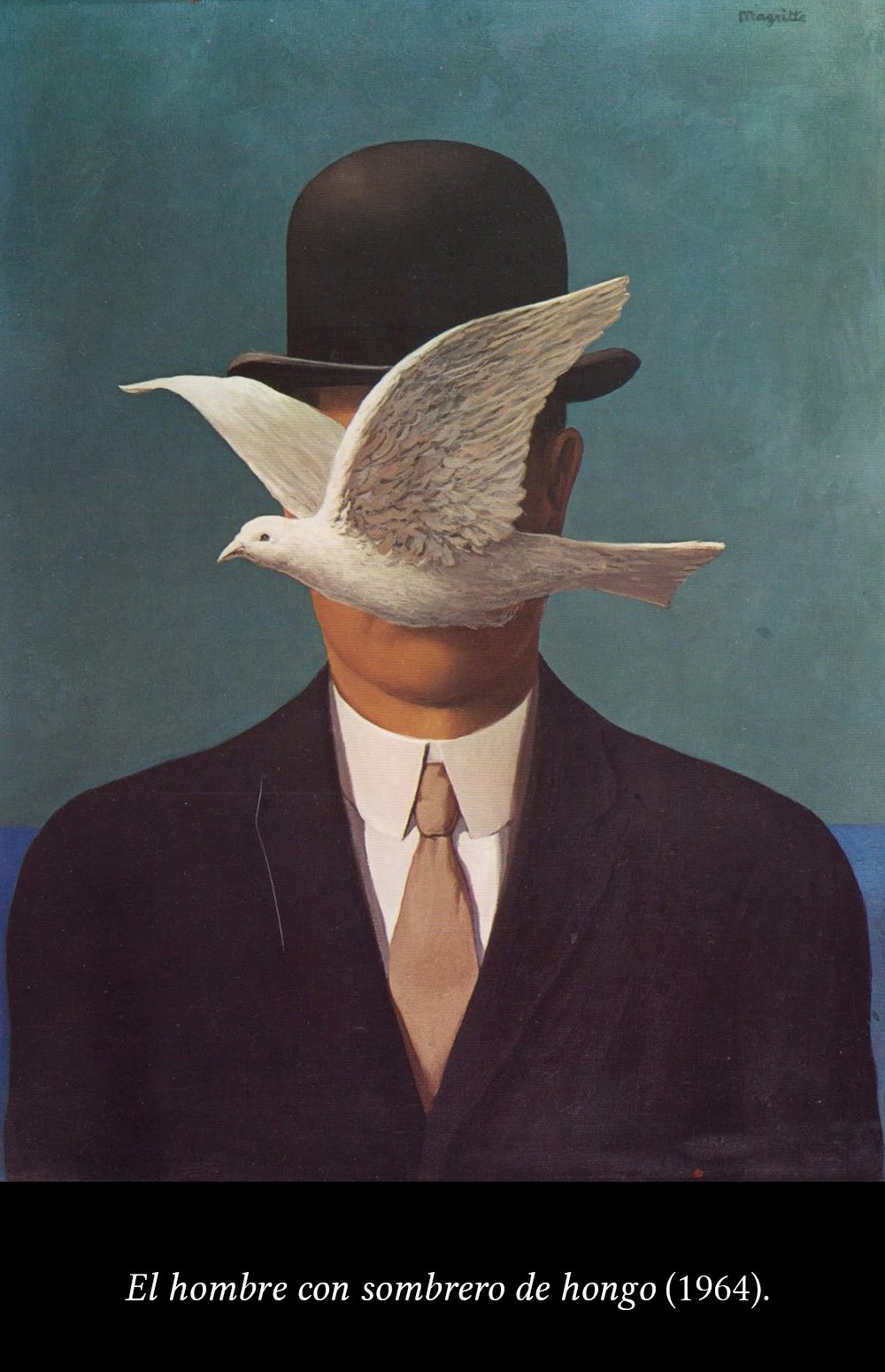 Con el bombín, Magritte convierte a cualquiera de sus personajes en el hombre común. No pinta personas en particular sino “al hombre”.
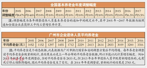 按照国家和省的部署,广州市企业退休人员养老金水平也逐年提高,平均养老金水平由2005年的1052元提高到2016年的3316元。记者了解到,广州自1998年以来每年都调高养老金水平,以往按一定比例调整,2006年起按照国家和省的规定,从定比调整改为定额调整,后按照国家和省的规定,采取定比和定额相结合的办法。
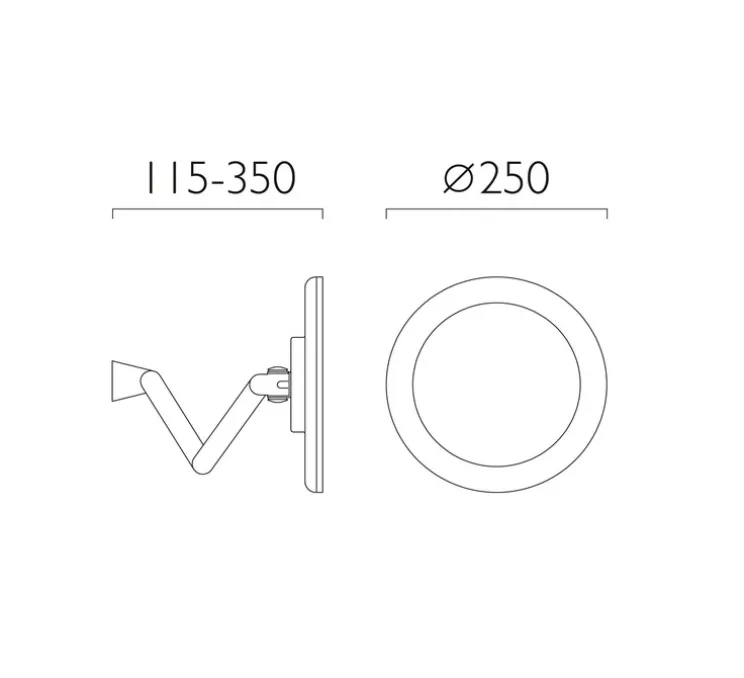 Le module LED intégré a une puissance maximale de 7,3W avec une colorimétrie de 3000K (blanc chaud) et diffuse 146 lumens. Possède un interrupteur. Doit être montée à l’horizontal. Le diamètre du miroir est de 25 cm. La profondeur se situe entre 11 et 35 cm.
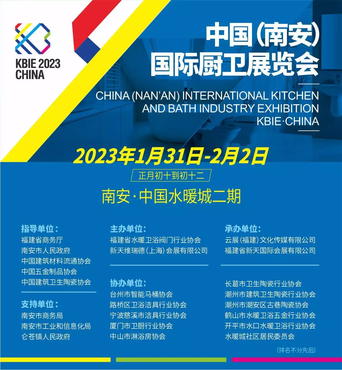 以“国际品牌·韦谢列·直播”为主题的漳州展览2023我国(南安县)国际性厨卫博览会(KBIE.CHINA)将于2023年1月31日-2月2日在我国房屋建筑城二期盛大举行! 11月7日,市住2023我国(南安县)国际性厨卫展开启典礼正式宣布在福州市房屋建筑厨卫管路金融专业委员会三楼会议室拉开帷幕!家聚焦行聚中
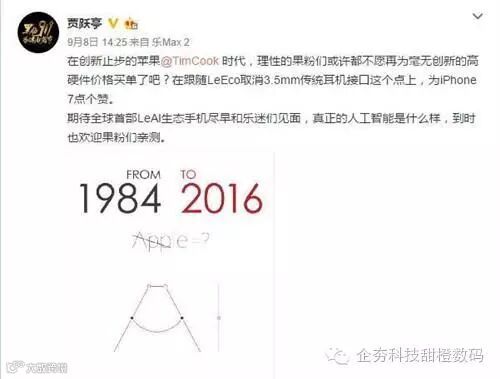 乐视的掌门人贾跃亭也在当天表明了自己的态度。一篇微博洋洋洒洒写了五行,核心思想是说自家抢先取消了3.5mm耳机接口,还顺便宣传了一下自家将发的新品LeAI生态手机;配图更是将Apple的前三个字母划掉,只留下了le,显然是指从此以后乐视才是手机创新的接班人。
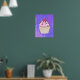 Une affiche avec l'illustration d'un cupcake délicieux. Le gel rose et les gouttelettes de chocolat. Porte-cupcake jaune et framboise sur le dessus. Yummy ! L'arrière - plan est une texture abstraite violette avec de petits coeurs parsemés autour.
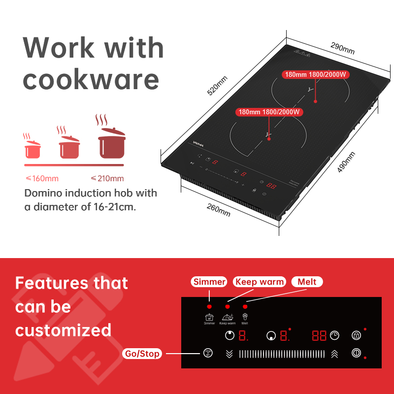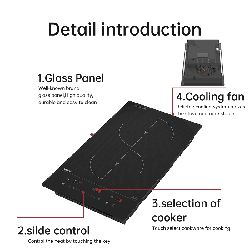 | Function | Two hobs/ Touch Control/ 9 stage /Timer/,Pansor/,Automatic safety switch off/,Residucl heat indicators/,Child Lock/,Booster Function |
======
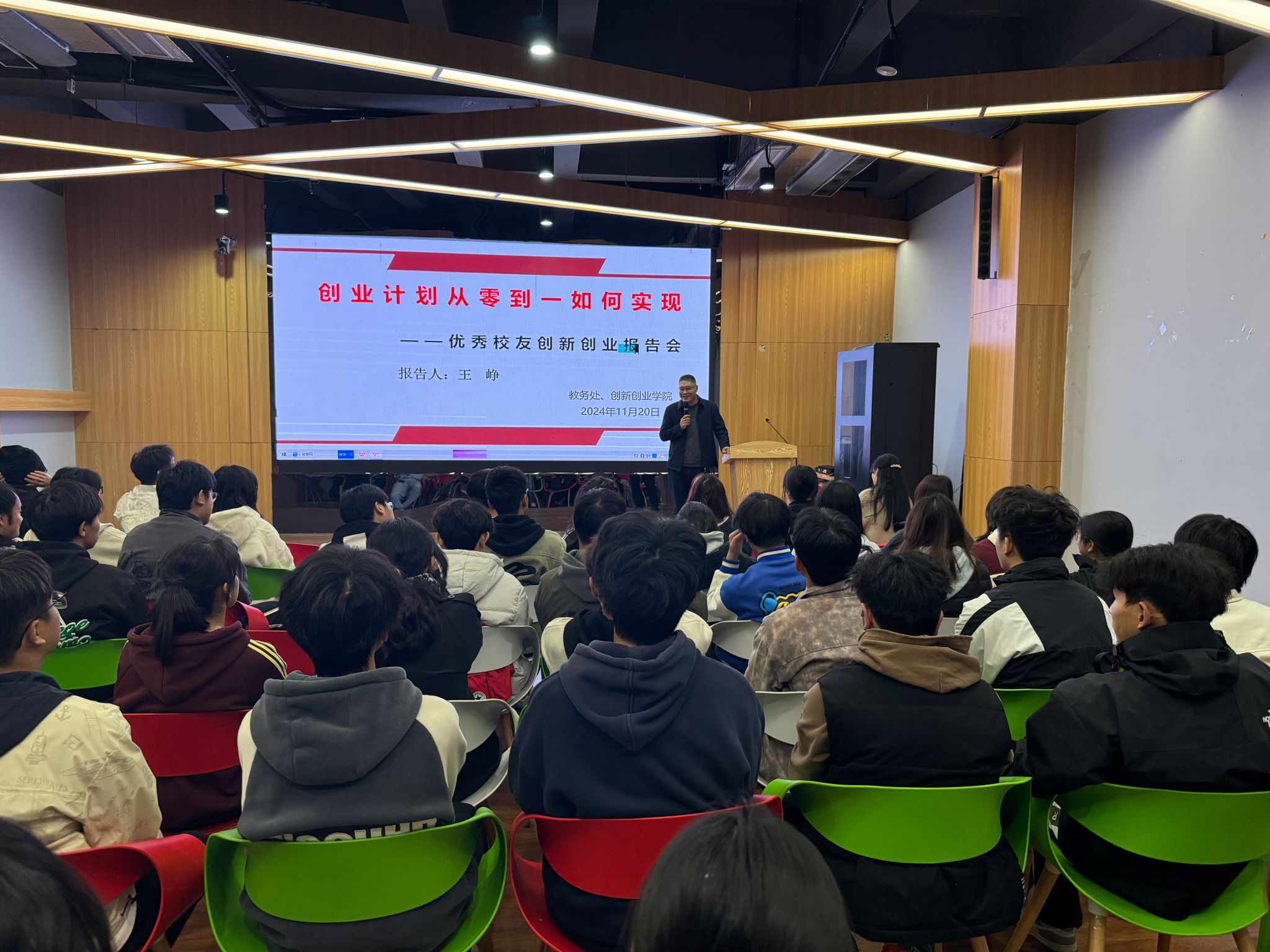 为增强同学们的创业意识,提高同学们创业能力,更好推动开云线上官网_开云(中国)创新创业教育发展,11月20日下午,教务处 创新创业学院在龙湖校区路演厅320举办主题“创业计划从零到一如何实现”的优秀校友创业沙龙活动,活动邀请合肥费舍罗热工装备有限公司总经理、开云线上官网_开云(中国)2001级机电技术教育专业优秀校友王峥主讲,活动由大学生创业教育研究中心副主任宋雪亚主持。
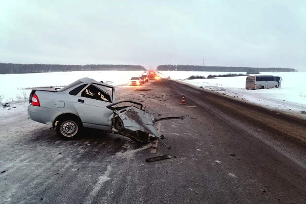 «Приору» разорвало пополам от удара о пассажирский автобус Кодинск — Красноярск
======
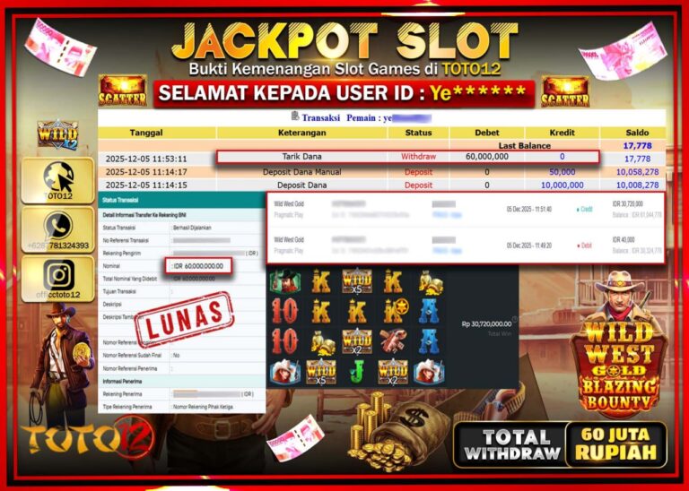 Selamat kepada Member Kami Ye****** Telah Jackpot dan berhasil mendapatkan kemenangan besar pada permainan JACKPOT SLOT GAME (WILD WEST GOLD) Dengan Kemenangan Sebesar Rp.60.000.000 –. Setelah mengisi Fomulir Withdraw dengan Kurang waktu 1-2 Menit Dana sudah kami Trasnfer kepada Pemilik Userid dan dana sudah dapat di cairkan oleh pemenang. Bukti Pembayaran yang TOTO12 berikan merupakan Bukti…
======
From the records above, transcribe exactly the lines starting at the one containing "Con el bombín, Magritte" and ending at the one containing "Lock/,Booster Function |". Skip the pictures.

 Con el bombín, Magritte convierte a cualquiera de sus personajes en el hombre común. No pinta personas en particular sino “al hombre”.
 按照国家和省的部署,广州市企业退休人员养老金水平也逐年提高,平均养老金水平由2005年的1052元提高到2016年的3316元。记者了解到,广州自1998年以来每年都调高养老金水平,以往按一定比例调整,2006年起按照国家和省的规定,从定比调整改为定额调整,后按照国家和省的规定,采取定比和定额相结合的办法。
 Le module LED intégré a une puissance maximale de 7,3W avec une colorimétrie de 3000K (blanc chaud) et diffuse 146 lumens. Possède un interrupteur. Doit être montée à l’horizontal. Le diamètre du miroir est de 25 cm. La profondeur se situe entre 11 et 35 cm.
 以“国际品牌·韦谢列·直播”为主题的漳州展览2023我国(南安县)国际性厨卫博览会(KBIE.CHINA)将于2023年1月31日-2月2日在我国房屋建筑城二期盛大举行! 11月7日,市住2023我国(南安县)国际性厨卫展开启典礼正式宣布在福州市房屋建筑厨卫管路金融专业委员会三楼会议室拉开帷幕!家聚焦行聚中
 乐视的掌门人贾跃亭也在当天表明了自己的态度。一篇微博洋洋洒洒写了五行,核心思想是说自家抢先取消了3.5mm耳机接口,还顺便宣传了一下自家将发的新品LeAI生态手机;配图更是将Apple的前三个字母划掉,只留下了le,显然是指从此以后乐视才是手机创新的接班人。
 Une affiche avec l'illustration d'un cupcake délicieux. Le gel rose et les gouttelettes de chocolat. Porte-cupcake jaune et framboise sur le dessus. Yummy ! L'arrière - plan est une texture abstraite violette avec de petits coeurs parsemés autour.
 | Function | Two hobs/ Touch Control/ 9 stage /Timer/,Pansor/,Automatic safety switch off/,Residucl heat indicators/,Child Lock/,Booster Function |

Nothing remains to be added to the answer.